The vertices of a triangle are A (1, 4), B (2, 3) and C (1, 6). Find equations of Perpendicular bisectors of sides
Solution
Vertices of ΔABC are A(1, 4), B(2, 3) and C(1, 6)
∴ Slope of the perpendicular bisector of BC is `1/3` and the lines pass through `(3/2, 9/2)`.

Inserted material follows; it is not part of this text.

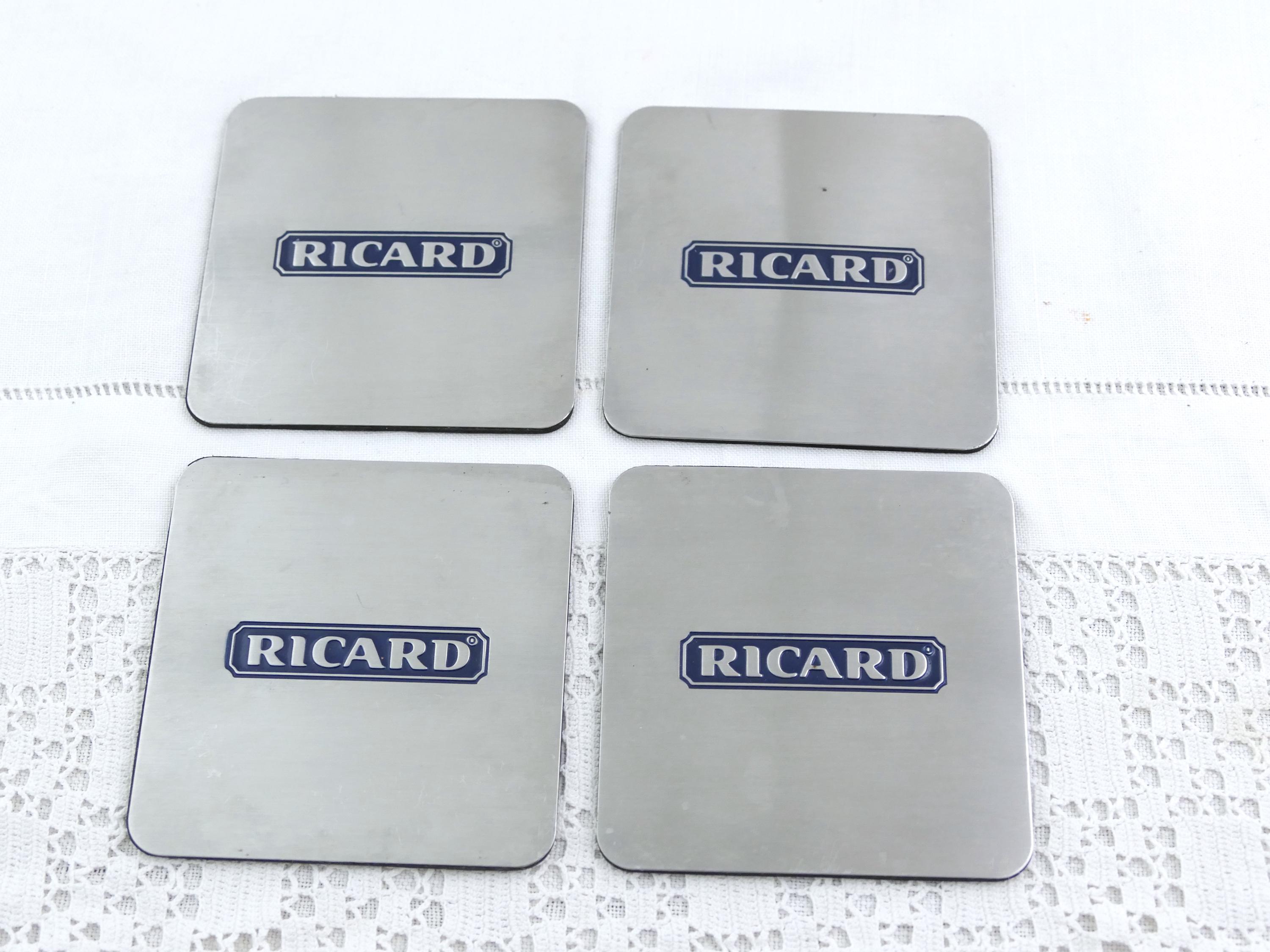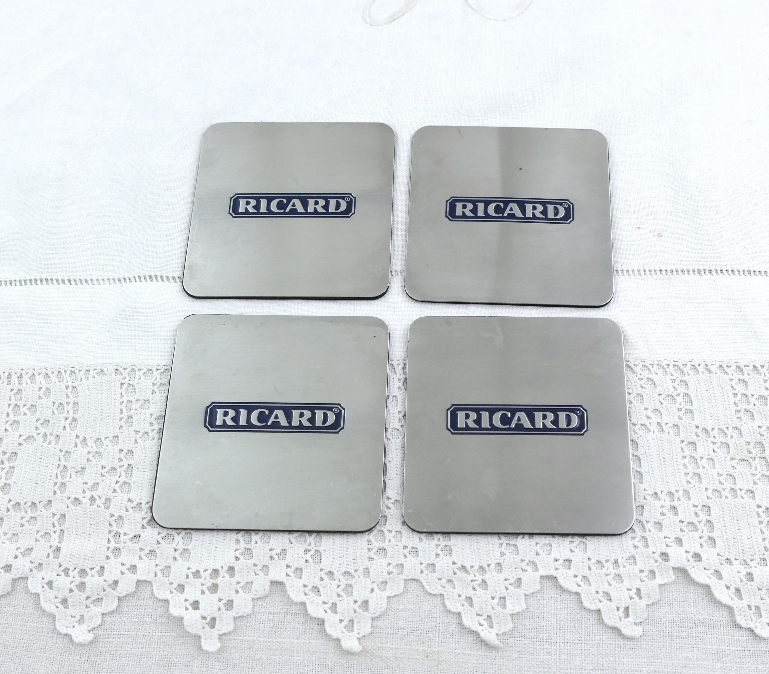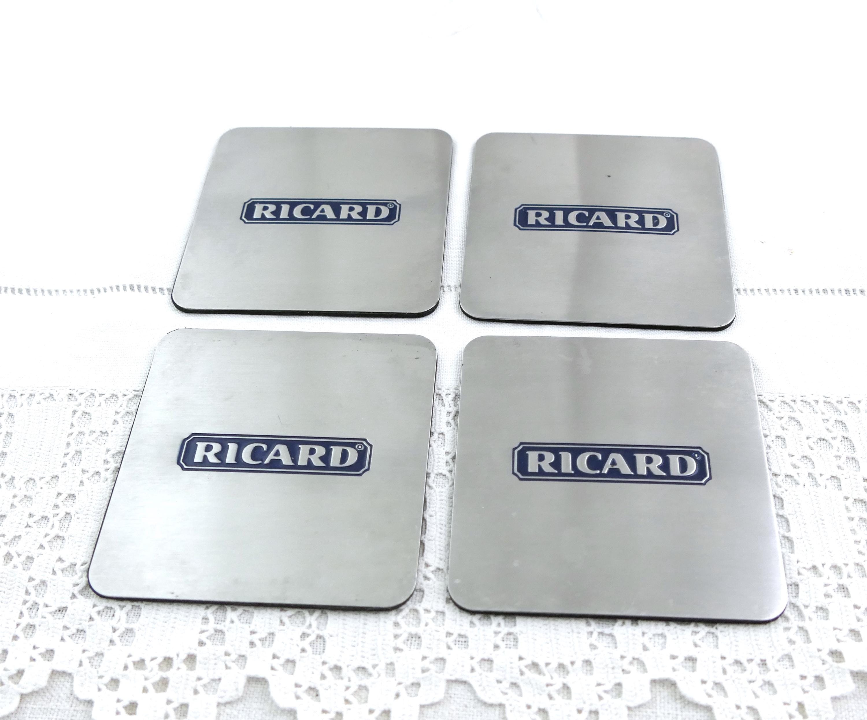 Vintage French set of 4 Ricard coasters. Made of brushed metal with black foam backing. Ca late 1900s.

∴ Equation of the perpendicular bisector of side BC is
`(y - 9/2) = 1/3(x - 3/2)`
∴ `(2y - 9)/2 = 1/3((2x - 3)/2)`
∴ 3(2y – 9) = (2x –3)
∴ 2x – 6y + 24 = 0
∴ x – 3y + 12 = 0
Since, both the points A and C have same x co-ordinates i.e. 1
∴ the points A and C lie on the line x = 1.
AC is parallel to Y-axis and therefore, the perpendicular bisector of side AC is parallel to X-axis.
Since, the perpendicular bisector of side AC passes through E(1, 5).
∴ the equation of the perpendicular bisector of side AC is y = 5.
Slope of side AB = `((3 - 4)/(2 - 1))` = – 1
∴ The slope of the perpendicular bisector of AB is 1 and the line passes through `(3/2, 7/2)`.
∴ Equation of the perpendicular bisector of side AB is
`(y - 7/2) = 1(x - 3/2)`
∴ `(2y - 7)/2 = (2x - 3)/2`
∴ 2y – 7 = 2x – 3
∴ 2x – 2y + 4 = 0
∴ x – y + 2 = 0.